Posted June 01, 2015 - 11:03 AM

#9

IIRC the CRF is a 96mm bore

  • alping45

Posted June 01, 2015 - 01:45 PM

#10

I just got the wiseco piston, it measures at 3.737", and the box recommends .003" piston to bore clearance, which would be dead on with a stock 95mm bore at 3.740". So with my bore running at 3.742" at its largest point, this gives me .005" clearance. Am I going to have issues? The service manual also shows a limit of .004" clearance...

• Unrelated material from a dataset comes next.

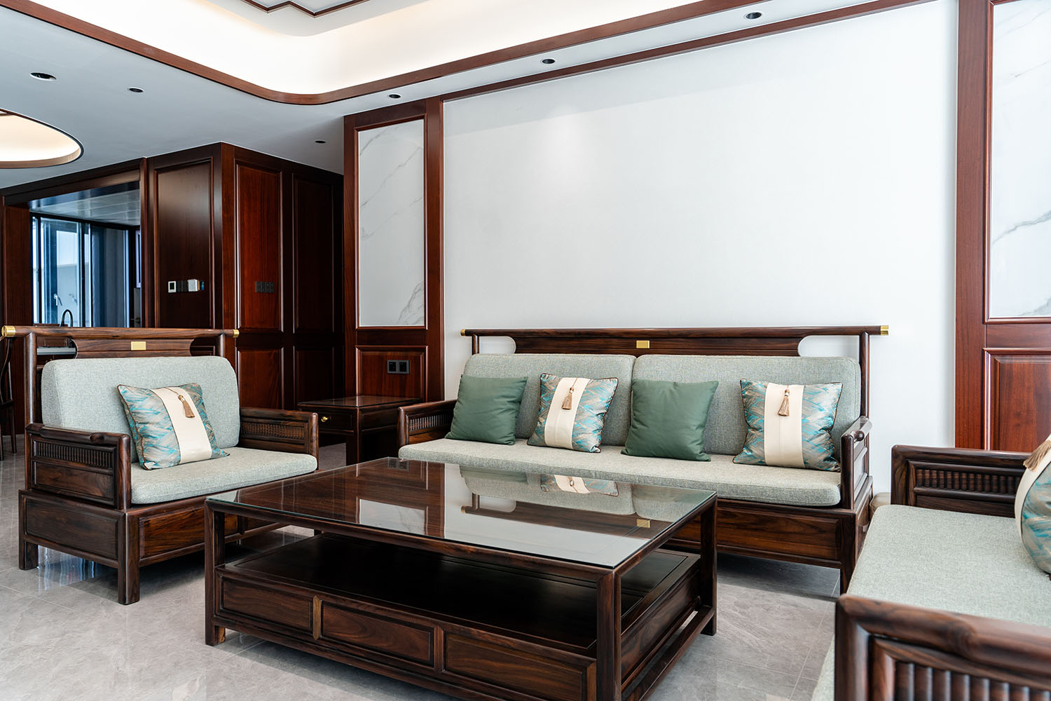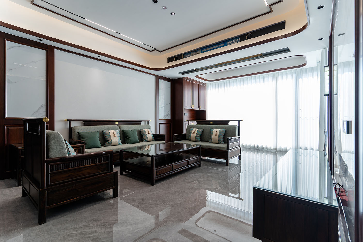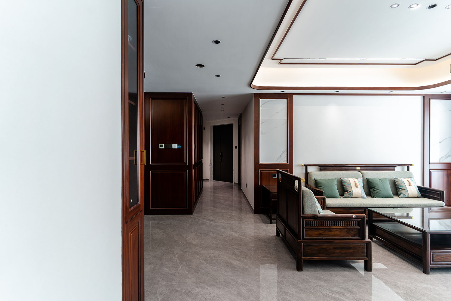 本案的核心設(shè)計(jì)理念是 “大象無形,大音希聲” 。旨在以恢弘的空間尺度,承載最含蓄內(nèi)斂的東方意境。設(shè)計(jì)追求的不僅是形式的呈現(xiàn),更是空間氣場、文脈氣韻與生活氣息的完美融合。通過中軸對稱、虛實(shí)相生、框景借景等傳統(tǒng)造園手法,在現(xiàn)代大宅的框架內(nèi),營造出一種可供三代同堂觀想、品鑒與傳承的居住體驗(yàn)。 新中式風(fēng)格,是東方美學(xué)智慧與現(xiàn)代居住哲學(xué)的集大成者。在180平米的寬闊天地里,它得以超越符號的堆砌,轉(zhuǎn)而通過宏大的空間敘事、深層的材質(zhì)對話與詩意的意境營造,打造一座兼具文化傳承、家族風(fēng)范與當(dāng)代奢華的傳世府邸。

Edited by alping45, June 01, 2015 - 02:11 PM.


  • alping45

Posted June 01, 2015 - 02:16 PM

#11

I'm considering sending the jug off to Powerseal to strip, replate and hone/fit to piston for $184. Would this be worth while and or neccessary at this point? Are there any cheaper alternatives?

  • grayracer513

Posted June 01, 2015 - 02:42 PM

#12

.003" is pretty loose, if you ask me.  That would explain the noise those make, perhaps.  Yamaha's manual calls for from .0016 to .0026" with the OEM forged piston, and their pistons run from 3.738-3.739". 

 

Your cylinder is pretty close to tolerance limits as it is.  If it were me, I would have the bore replated to specs, and use a different piston.



  • alping45

Posted June 03, 2015 - 05:01 AM

#13

After having the shop hone the cylinder, I can now see many spots of scouring and light gouges in the bore. I am definitley sending it out to Poweseal be replated and fit to piston. I already have the Wiseco piston, so I'm sticking with that. Would it be safe to have the clearance fit tighter than wiseco's recommended .003"? Powerseal said they will fit it tighter but will not warranty against seizure.

  • grayracer513

Posted June 03, 2015 - 07:03 AM

#14

No, it won't be safe to use anything other than the manufacturer's recommended clearance.  The alloy they're using is probably less resistant to thermal expansion than others, so the need the extra clearance.



  • alping45

Posted June 03, 2015 - 08:41 AM

#15

I tried a little experiment to compare thermal expsansion, not sure how conclusive it is but here's what I did: I had 3 pistons, the new wiseco, the old vertex piston I removed from the 426, and also an old factory piston from a CRF450r.I mic'd them all at room temp and recorded the results. Then I threw each piston in a pot of boiling water for about 5 mins and mic'd each one immediately after taking them out. Every piston expanded almost exactly .005", within a few tenths. I wish I could have included a factory YZ426 piston in the test, but this atleast tells me that the wiseco doesn't expand any more than the other 2 pistons. However the rate at which they expand could be different. From what I've read, as a forged piston is more dense than cast, the expansion rate is faster and could possibly expand before the cylinder has enough time to heat up and expand. I suppose I could try boiling them for shorter, pricisely controlled amouts of time and check the results to see if the differ.

  • grayracer513

Posted June 03, 2015 - 08:49 AM

#16

Since all pistons for a WR, including OEM, are forged, the mention of cast pistons has no bearing on the matter. 

 

212 ℉ is not very warm for a piston, either, since nominal crown temperatures run closer to 450-500 ℉ in operation, cooled mostly by the vaporization of incoming fuel.



  • alping45

Posted June 03, 2015 - 09:09 AM

#17

Hmm good info. Maybe if I get bored I'll throw em in my heat treat oven at 450f and cook em for a few mins each and perform the same test.